◆ Data for this exercise ◆
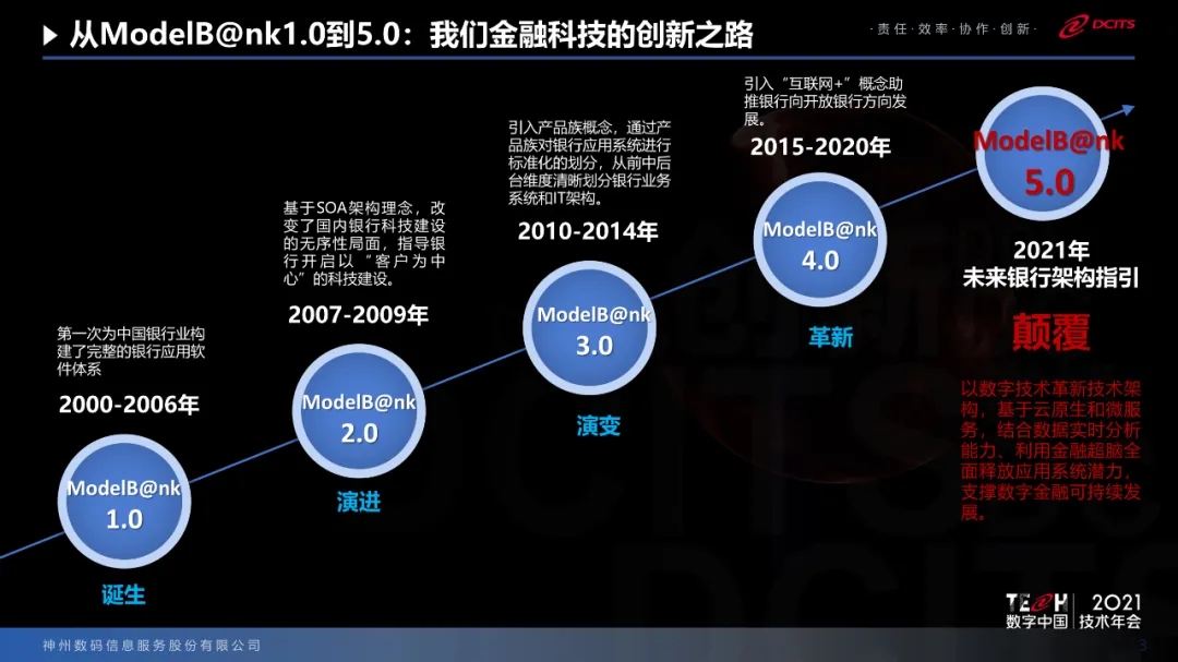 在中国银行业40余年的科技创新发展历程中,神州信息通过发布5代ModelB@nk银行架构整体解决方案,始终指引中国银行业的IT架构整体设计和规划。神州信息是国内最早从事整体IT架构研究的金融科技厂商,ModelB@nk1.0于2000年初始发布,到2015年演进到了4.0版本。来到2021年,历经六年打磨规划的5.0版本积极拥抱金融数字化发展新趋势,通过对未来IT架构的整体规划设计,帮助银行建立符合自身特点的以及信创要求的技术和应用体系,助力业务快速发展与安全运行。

---

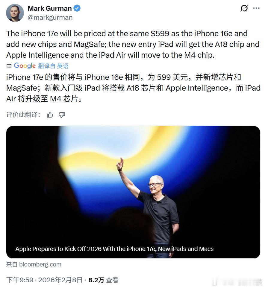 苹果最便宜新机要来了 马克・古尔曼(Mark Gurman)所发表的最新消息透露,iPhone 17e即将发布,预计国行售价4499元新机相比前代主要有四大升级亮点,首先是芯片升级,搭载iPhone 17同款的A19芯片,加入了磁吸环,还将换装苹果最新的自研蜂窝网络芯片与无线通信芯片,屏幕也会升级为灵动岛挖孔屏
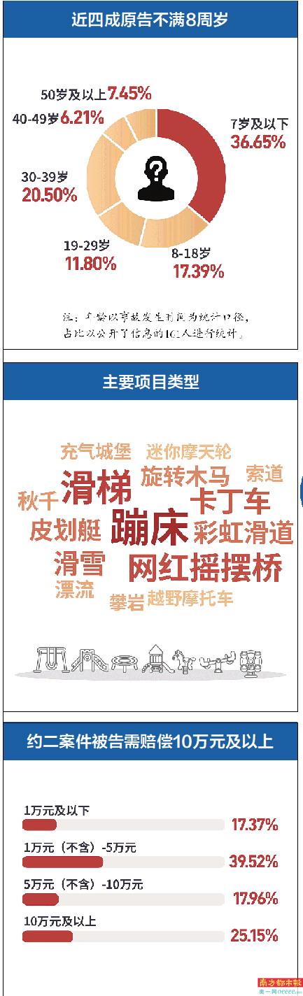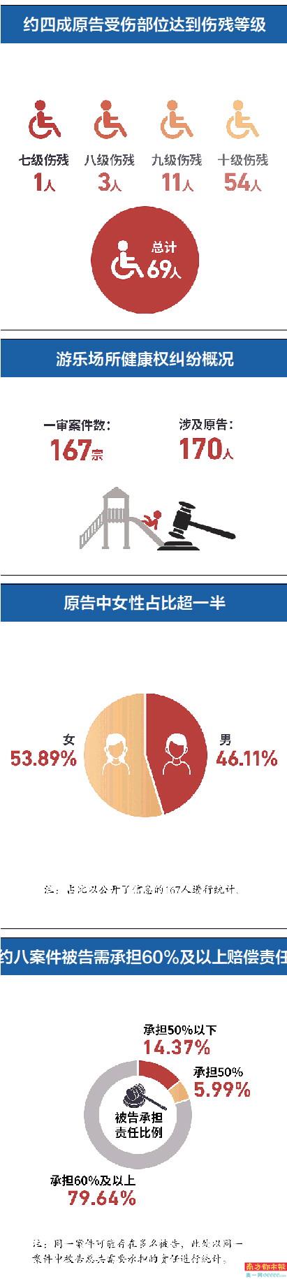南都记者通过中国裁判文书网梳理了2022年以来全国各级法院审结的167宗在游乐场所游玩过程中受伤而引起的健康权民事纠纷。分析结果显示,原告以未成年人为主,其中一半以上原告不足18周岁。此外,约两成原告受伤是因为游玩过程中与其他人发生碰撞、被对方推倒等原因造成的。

◆ Aim of the task ◆
Copy exactly the part of the material above that opens with the line containing "苹果最便宜新机要来了 马克・古尔曼(Mark Gurman)所发表的最新消息透露,iPhone" and closes with the line containing "南都记者通过中国裁判文书网梳", ends included. Drop the images.

◆ Completed exercise ◆
 苹果最便宜新机要来了 马克・古尔曼(Mark Gurman)所发表的最新消息透露,iPhone 17e即将发布,预计国行售价4499元新机相比前代主要有四大升级亮点,首先是芯片升级,搭载iPhone 17同款的A19芯片,加入了磁吸环,还将换装苹果最新的自研蜂窝网络芯片与无线通信芯片,屏幕也会升级为灵动岛挖孔屏
南都记者通过中国裁判文书网梳理了2022年以来全国各级法院审结的167宗在游乐场所游玩过程中受伤而引起的健康权民事纠纷。分析结果显示,原告以未成年人为主,其中一半以上原告不足18周岁。此外,约两成原告受伤是因为游玩过程中与其他人发生碰撞、被对方推倒等原因造成的。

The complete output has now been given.